Characteristics of recombinant xylanase from camel rumen metagenome and its effects on wheat bran hydrolysis.

In the present study, we explored the effects of a novel xylanase from camel rumen metagenome (CrXyn) on wheat bran hydrolysis. CrXyn was heterologously expressed in Escherichia coli and showed maximum activity at 40 °C and pH 7.0. Furthermore, CrXyn exhibited preferential hydrolysis of xylan, but no obvious activity toward other substrates, including carboxymethylcellulose and Avicel.

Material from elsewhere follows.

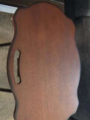 This tray table has a little bit bigger surface area that other tray tables and works very well for a desk since we are now working and schooling from home. The contrast from the hazelnut and white finishes are very complementing to any home decor.

Using wheat straw xylan as a substrate, the Km and Vmax values for CrXyn were 5.98 g/L and 179.9 μmol xylose/min/mg protein, respectively. Mn was a strong accelerator and significantly enhanced CrXyn activity. However, CrXyn activity was inhibited (~50 %) by 1 mM and 5 mM ethylenediaminetetraacetic acid (EDTA) and completely inactivated by 5 mM Cu. CrXyn tolerated 5 mM sodium dodecyl sulphate (SDS) and 15 % methanol, ethanol, and dimethyl sulfoxide (DMSO), with >50 % residual activity. CrXyn effectively hydrolyzed wheat bran, with xylobiose and xylotetraose accounting for 79.1 % of total sugars produced. A remarkable synergistic effect was found between CrXyn and protease, leading to an obvious increase in amino acids released from wheat bran compared with the control. CrXyn also enhanced the in vitro hydrolysis of wheat bran. Thus, CrXyn exhibits great potential as a feed additive to improve the utilization of wheat bran in monogastric animal production.